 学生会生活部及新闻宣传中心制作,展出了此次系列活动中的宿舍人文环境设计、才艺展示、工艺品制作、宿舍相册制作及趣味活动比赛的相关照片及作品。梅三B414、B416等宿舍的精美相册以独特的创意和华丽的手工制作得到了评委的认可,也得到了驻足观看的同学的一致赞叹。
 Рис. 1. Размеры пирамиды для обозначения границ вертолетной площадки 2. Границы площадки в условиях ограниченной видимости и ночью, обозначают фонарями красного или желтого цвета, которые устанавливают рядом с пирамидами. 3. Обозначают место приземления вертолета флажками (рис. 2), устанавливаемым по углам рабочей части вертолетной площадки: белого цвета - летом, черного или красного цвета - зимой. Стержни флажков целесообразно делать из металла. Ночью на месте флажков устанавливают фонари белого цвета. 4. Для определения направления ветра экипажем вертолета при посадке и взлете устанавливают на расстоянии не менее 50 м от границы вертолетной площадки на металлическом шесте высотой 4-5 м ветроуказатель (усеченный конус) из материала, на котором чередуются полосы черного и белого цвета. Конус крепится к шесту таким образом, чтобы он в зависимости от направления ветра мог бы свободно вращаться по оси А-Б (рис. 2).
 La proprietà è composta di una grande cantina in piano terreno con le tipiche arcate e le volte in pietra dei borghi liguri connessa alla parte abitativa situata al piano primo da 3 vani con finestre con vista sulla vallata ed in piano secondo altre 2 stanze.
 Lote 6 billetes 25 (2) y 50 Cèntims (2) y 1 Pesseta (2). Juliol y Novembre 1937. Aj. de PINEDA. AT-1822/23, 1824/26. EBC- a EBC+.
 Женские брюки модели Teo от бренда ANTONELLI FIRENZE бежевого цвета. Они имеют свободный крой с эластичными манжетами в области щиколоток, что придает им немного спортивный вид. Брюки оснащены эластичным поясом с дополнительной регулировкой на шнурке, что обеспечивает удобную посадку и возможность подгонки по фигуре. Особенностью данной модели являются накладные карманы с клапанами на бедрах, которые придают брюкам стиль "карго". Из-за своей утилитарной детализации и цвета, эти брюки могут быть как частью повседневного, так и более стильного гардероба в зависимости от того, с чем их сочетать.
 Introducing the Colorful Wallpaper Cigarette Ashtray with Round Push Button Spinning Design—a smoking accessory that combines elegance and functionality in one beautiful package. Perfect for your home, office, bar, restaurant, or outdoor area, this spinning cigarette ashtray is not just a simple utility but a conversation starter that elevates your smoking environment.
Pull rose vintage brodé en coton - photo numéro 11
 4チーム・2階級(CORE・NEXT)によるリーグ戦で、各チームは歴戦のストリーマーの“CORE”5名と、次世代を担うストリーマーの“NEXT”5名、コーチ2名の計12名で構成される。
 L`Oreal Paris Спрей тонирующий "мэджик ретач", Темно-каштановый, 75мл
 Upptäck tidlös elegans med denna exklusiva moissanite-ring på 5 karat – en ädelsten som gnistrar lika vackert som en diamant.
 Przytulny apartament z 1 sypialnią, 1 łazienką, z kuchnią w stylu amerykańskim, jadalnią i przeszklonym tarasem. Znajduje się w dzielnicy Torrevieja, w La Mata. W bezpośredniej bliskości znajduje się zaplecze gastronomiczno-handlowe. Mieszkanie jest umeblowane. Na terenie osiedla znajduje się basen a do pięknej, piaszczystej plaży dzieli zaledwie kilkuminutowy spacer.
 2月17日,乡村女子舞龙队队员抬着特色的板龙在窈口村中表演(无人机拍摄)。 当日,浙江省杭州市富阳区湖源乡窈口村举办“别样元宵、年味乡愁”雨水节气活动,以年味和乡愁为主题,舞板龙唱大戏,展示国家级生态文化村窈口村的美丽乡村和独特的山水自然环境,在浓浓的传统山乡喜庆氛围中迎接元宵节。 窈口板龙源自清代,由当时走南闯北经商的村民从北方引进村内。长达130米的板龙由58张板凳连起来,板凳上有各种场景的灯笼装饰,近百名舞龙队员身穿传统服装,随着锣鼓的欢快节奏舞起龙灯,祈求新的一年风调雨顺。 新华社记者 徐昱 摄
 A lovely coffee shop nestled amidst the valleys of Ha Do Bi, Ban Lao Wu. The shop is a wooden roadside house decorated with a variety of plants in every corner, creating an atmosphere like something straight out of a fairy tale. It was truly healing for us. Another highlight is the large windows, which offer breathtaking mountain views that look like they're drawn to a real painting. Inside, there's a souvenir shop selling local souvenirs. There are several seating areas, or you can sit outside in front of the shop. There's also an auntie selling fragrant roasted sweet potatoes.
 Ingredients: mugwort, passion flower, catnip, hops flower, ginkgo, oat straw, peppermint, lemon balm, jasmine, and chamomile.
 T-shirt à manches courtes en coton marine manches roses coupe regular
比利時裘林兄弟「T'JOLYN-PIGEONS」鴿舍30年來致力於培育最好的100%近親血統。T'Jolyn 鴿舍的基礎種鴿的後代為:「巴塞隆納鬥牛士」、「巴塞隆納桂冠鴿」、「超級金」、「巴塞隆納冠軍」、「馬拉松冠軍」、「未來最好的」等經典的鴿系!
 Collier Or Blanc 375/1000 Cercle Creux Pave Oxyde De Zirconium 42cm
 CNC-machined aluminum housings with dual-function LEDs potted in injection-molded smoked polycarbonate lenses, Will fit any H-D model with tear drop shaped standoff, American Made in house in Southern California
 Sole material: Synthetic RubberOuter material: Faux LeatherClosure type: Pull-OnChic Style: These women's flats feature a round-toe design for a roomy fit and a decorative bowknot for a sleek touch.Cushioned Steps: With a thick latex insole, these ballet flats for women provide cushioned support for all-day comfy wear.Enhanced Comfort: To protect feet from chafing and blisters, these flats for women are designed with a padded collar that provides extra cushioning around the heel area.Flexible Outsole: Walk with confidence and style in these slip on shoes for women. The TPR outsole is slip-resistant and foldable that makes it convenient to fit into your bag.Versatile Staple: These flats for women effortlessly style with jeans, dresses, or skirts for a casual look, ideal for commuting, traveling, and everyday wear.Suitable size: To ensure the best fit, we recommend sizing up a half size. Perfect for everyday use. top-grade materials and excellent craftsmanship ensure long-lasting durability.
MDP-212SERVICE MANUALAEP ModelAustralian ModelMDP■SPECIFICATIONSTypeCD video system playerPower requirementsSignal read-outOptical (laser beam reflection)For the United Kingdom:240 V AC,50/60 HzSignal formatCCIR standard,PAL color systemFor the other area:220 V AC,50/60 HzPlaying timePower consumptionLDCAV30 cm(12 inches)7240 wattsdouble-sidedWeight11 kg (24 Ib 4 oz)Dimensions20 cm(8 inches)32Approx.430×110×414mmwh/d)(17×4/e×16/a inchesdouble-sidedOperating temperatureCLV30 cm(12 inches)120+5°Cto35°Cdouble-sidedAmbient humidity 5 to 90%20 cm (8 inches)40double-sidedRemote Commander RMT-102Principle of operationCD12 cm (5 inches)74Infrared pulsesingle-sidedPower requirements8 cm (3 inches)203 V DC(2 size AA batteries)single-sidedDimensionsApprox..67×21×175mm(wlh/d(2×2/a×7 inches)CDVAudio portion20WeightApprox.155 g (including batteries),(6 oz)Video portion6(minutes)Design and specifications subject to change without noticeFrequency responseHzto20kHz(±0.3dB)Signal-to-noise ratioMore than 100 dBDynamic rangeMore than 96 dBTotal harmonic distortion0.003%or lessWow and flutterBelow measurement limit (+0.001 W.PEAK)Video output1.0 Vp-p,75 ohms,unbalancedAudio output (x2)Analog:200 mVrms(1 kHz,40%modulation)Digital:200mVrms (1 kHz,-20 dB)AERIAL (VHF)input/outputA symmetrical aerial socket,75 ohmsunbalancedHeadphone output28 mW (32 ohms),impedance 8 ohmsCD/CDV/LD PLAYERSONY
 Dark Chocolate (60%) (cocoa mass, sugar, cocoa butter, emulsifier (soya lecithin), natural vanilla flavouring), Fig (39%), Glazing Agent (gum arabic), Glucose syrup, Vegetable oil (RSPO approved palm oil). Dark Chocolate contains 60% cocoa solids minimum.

# WHAT IS BEING ASKED
Whenever a line in the listing above includes the word "coton", return that line.

# TASK ANSWER
Pull rose vintage brodé en coton - photo numéro 11
 T-shirt à manches courtes en coton marine manches roses coupe regular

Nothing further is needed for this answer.